VME with serial extensions or VXS was selected as the 12GeV data acquisition backplane foundation for the front end detector readout and trigger hardware interface. The 6GeV experimental program relied on FastBus ADC and TDC with VME single board computers providing the configuration and readout of Physics data, along with custom electronics developed for the trigger system. [1] The new requirements for 12GeV experiments demand higher trigger and data readout rates as shown in Table 1.

We have a successful record with VME and VME64x custom data acquisition and trigger modules that were developed during the 6GeV program to replace aging and obsolete hardware. When VITA41 (VXS) [2] was initially emerging we decided that the specifications for the new serial extensions would meet and exceed our requirements for creating digital energy summation for

hundreds of ADC channels within a VXS card enclosure. The VXS backplane also is an elegant solution to distribute critical and essential global clock and synchronization signals to each front end module without cumbersome cabling or additional rear transition hardware.
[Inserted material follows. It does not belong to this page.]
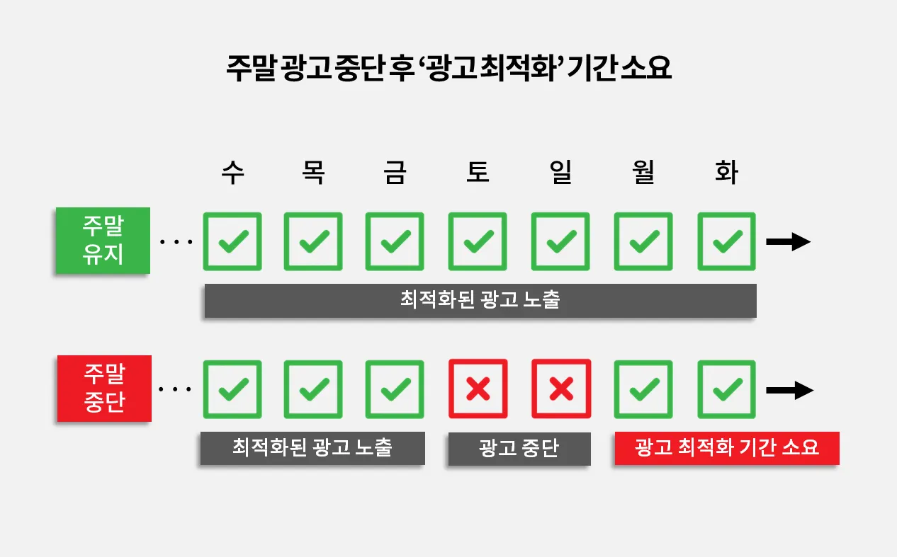 이유3. 주말 동안 광고 OFF는 광고 최적화에 악영향을 줄 수 있어요!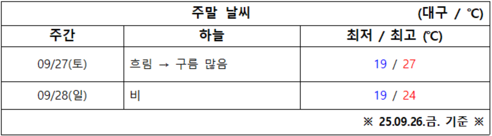 9월 4주 차 대구·경북 주말 ‘날씨 체크’

The VXS selection offered low risk and allowed a logical upgrade path for our legacy hardware. The VME consortium was promoting the addition of gigabit connectivity to a very large customer base, and the new VXS standard remains a viable choice for the future.
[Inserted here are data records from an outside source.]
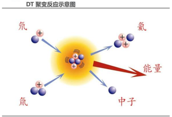 (1)DT(氘-氚聚变):氘-氚反应是当前可控核聚变研究中最有希望实现的反应,因为它在相对较低的温度下就能发生,且释放的能量相对于其他反应来说非常高。但这种反应产生的中子具有很高的能量,处理这些中子的辐射和材料问题是目前研究的难点之一;
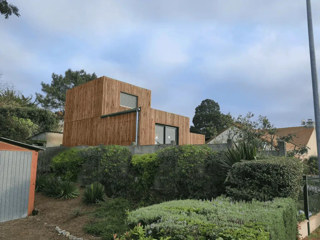 Résultat. Christiane profite désormais d’une chambre d’amis indépendante, chaleureuse et performante, prête à accueillir proches et visiteurs dans les meilleures conditions. Vous avez un projet similaire en Loire-Atlantique ou ailleurs ? Demandez un devis pour votre maison de jardin en ossature bois et bénéficiez d’une construction rapide, durable et à haute performance énergétique.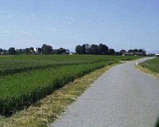 Over vejens forsvindingspunkt ser man ved ankomst til Solbjerg fra syd Blindkildevej

Table 1: Experiment Rates and L1 Trigger Channel Count.

|                 | Hall B   | Hall D    |
|-----------------|----------|-----------|
|                 | CLAS12   | GlueX     |
| L1 Trigger      | 4,000    | 4,500     |
| Channels        |          |           |
| #VXS Crates     | 38       | 25        |
| (Total Crates)  | (43)     | (52)      |
| #Single Board   | 43       | 52        |
| CPU             |          |           |
| L1 Trigger Rate | <20KHz   | <200KHz   |
|                 |          |           |
| L1 Data         | 60MB/s   | 3GB/s     |
| Rate(MB/s)      |          |           |
| L3 Farm Data    | 10KHz    | 20KHz     |
| Rate (Disk      | (60MB/s) | (300MB/s) |
| MB/s)           |          |           |

#### SYSTEM TOPOLOGY OVERVIEW

VXS offers dual star switch capability with 18 payload slots connected to two central switch slots. The VITA 41.0 specification lists 4 full duplex gigabit connections or "lanes" from each payload slot, to the each switch slot and a line rate of 10 Gb/s, so 80 Gb/s bandwidth is offered with dual star connectivity. At the start of our R&D hardware design phase in 2005, we were using the Xilinx Virtex-IV series with gigabit transceivers capable of 3.125Gb/s. Our production payload modules will use Xilinx Virtex-V transceivers capable of 6.25Gb/s line speeds. All four full duplex lanes are routed on the circuit board, but presently only two lanes are used to one switch slot. The front end payload modules are sixteen channel, 250MHz flash ADC boards [4] that use these gigabit lanes to transmit digital sum information to one of the VXS switch slots.[5] This switch slot module is a Crate Trigger Processor (CTP) which collects 64Gb/s from the 16 payload modules and processes a crate summation that is optically transmitted over a parallel fibre optic cable[6] to a Sub-System Processors (SSP) and finally to a Global Trigger Processor (GTP)[7] that determines if a Physics trigger condition was satisfied.

550 Hardware

# High Speed Gigabit Serial Transmission

HARDWARE DESIGN CHALLENGES

The design challenges for reliable and successful transmission of gigabit serial data over the VXS backplane requires the investment of high speed circuit board layout and routing tools. The FPGA selection requirements include at least four full duplex Gigabit Transceivers, user I/O pin count >500, and fast integrated block memory with multi-rate FIFO logic. We use circuit board routing simulation tools such as Mentor Graphics HyperLynx [8] which are invaluable for critical simulation and verification of circuit board signal integrity for the gigabit transmission paths before the manufacturing process. The FPGA devices that we use are capable of 6.25Gb/s serial transfer, and we have designed our circuit boards with signal integrity techniques using standard FR4 circuit board material to achieve >2.5Gb/s which meets the data transfer bandwidth requirements.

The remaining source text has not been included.